We won’t have FTL, so we’ll be bounded by the speed of light. But the speed of light is still quite fast. It can get you to Mars in minutes, to Jupiter in hours, and even to Alpha Centauri in a voyage that wouldn’t shock Magellan or Zheng He. Leaving this arm of the Milky Way, let alone traveling to another galaxy, is out of the question (at least if you ever want to come back while anyone you know is still alive—actually as a one-way trip it’s surprisingly feasible thanks to time dilation).

This means that if we manage to invent a truly superior kind of spacecraft engine, one which combines the high thrust of a hydrolox rocket with the high specific impulse of an ion thruster—and that is physically possible, because it’s well within what nuclear rockets ought to be capable of—then we could travel between planets in our solar system, and maybe even to nearby solar systems, in reasonable amounts of time. The world of The Expanse could therefore be in reach (well, the early seasons anyway), where human colonies have settled on Mars and Ceres and Ganymede and formed their own new societies with their own unique cultures.

We may yet run into some kind of extraterrestrial life—bacteria probably, insects maybe, jellyfish if we’re lucky—but we probably ever won’t actually encounter any alien sapients. If there are any, they are probably too primitive to interact with us, or they died out millennia ago, or they’re simply too far away to reach.

But if we cannot find Vulcans and Delvians and Asari, then we can become them. We can modify ourselves with cybernetics, biotechnology, or even nanotechnology, until we remake ourselves into whatever sort of beings we want to be. We may never find a whole interplanetary empire ruled by a race of sapient felinoids, but if furry conventions are any indication, there are plenty of people who would make themselves into sapient felinoids if given the opportunity.

Such a universe would actually be more diverse than a typical space opera. There would be no “planets of hats“, no entire societies of people acting—or perhaps even looking—the same. The hybridization of different species is almost by definition impossible, but when the ‘species’ are cosmetic body mods, we can combine them however we like. A Klingon and a human could have a child—and for that matter the child could grow up and decide to be a Turian.

Honestly there are only two reasons I’m not certain we’ll go this route:

One, we’re still far too able and willing to kill each other, so who knows if we’ll even make it that long. There’s also still plenty of room for some sort of ecological catastrophe to wipe us out.
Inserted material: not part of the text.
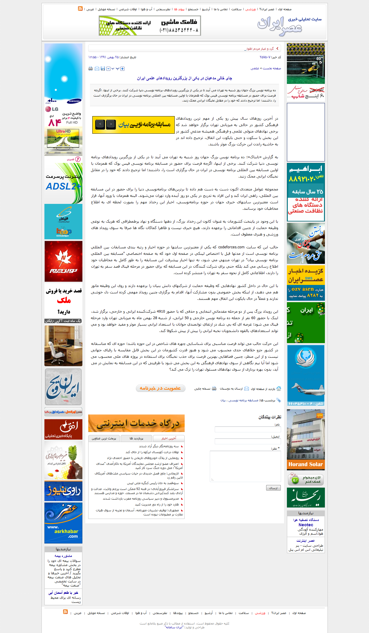 جالب این که سایت codeforces.com که یکی از معتبرترین سایتها در حوزه اخبار و رتبه بندی مسابقات بین المللی برنامه نویسی است از مدتها قبل با اختصاص لینکی در صفحه اول خود که به صفحه اختصاصی "مسابقه بین المللی برنامه نویسی بیان" در تهران منتهی می شود، نه تنها اخبار پیشرفت این مسابقه را به طور کامل به مخاطبان خود اطلاع رسانی می کند بلکه حتی برای شرکت کنندگان در این مسابقه که برای حضور در مرحله فینال قصد سفر به تهران را دارند، اطلاعاتی کامل از نحوه سفر به تهران را منتشر کرده است.
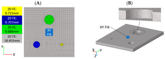 Figure 6 presents the FE mesh used in the 2D and 3D numerical models. The geometric dimensions of the model correspond to the measured ones. The thickness of shell 2D FEs corresponds to the thickness of the material in a given area of the sample. The thicknesses of shell FEs used in the 2D model are described in the legend in Figure 6A. The influence of the piezoceramic transducer was modeled as constraints in X and Y directions on the transducer’s montage side. The division of elements in the XY plane is the same in both models.

And two, most people are remarkably boring. We already live in a world where one could go to work every day wearing a cape, a fursuit, a pirate outfit, or a Starfleet uniform, and yet people don’t let you. There’s nothing infeasible about me delivering a lecture dressed as a Kzin Starfleet science officer, and nor would it even particularly impair my ability to deliver the lecture well; and yet I’m quite certain it would be greatly frowned upon if I were to do so, and could even jeopardize my career (especially since I don’t have tenure).

Would it be distracting to the students if I were to do something like that? Probably, at least at first. But once they got used to it, it might actually make them feel at ease. If it were a social norm that lecturers—and students—can dress however they like (perhaps limited by local decency regulations, though those, too, often seem overly strict), students might show up to class in bunny pajamas or pirate outfits or full-body fursuits, but would that really be a bad thing? It could in fact be a good thing, if it helps them express their own identity and makes them more comfortable in their own skin.

But no, we live in a world where the mainstream view is that every man should wear exactly the same thing at every formal occasion. I felt awkward at the AEA conference because my shirt had color.

This means that there is really one major obstacle to building the space opera future: Social norms. If we don’t get to live in this world one day, it will be because the world is ruled by the sort of person who thinks that everyone should be the same.